- Country: United States
- Location: South Kohala, Hawaii County, Hawaii
- Coordinates: 19°59′15″N 155°45′56″W﻿ / ﻿19.98750°N 155.76556°W
- Status: Commissioned
- Commission date: 2017
- Decommission date: December 2010;
- Owner: Lalamilo Wind Company

Wind farm
- Type: Onshore
- Site usage: Pasture
- Site area: 0.2 mi^{2} (1 km^{2})
- Site elevation: 1,273 ft (388 m)

Power generation
- Nameplate capacity: 2.2 MW;

= Lalamilo Wells =

Wind farm in Hawaii

Lalamilo Wells is a wind farm on the island of Hawaii. It is located within the ahupuaʻa (ancient land division) called Lalamilo, between the coastal area known as Puako, Hawaii, and the inland towns of Waimea and Waikoloa Village, Hawaii. It was commissioned in 1985 with 39 17.5 kW Jacobs wind turbines and 81 20 kW Jacobs wind turbines, yielding a total capacity of 2.3 MW.
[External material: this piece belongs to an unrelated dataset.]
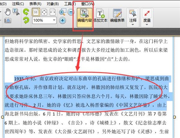 2、當PDF文件打開後,我們就可以進行編輯了,單擊工具欄中的“編輯內容”按鈕,然後選中需要修改的文字內容。
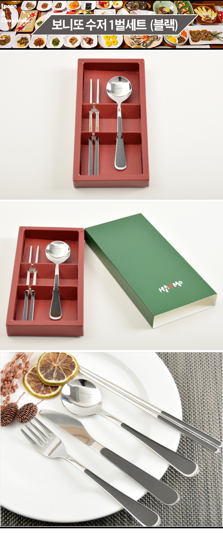 [HAEMO] Bonitto _ Black, Spoon Chopsticks, 1 Set _ Reusable Stainless Steel, Korean Chopsticks Spoon _ Made in KOREA

Starting in January 2006, the electric utility operating the wind farm, Hawaiian Electric Company (HELCO), operated a demonstration model of a grid-stabilizing unit, known as an Electronic Shock Absorber (ESA). This unit was designed to increase the stability of the island's grid, which has a relatively high penetration of wind energy, which is subject to rapid fluctuations. However, the unit was damaged in an earthquake in October 2006.

==Repowering==
By 2010 the turbines were antiquated; only two-thirds were still in operation. The farm was decommissioned that year in anticipation of replacing the turbines with more efficient modern models.

Lalamilo Wind Company was awarded the contract to repower and operate the wind farm. Five Vestas V47/660 kW turbines were installed and commissioned that together have a generating capacity of 3.3 MW. The power produced is primarily used to supply a set of nearby deep wells operated by Hawaii County Department of Water Services. The wind farm became operational in September 2017, but has since been mired in legal challenges with Hawaiian County DWS over the 2013 power purchase agreement.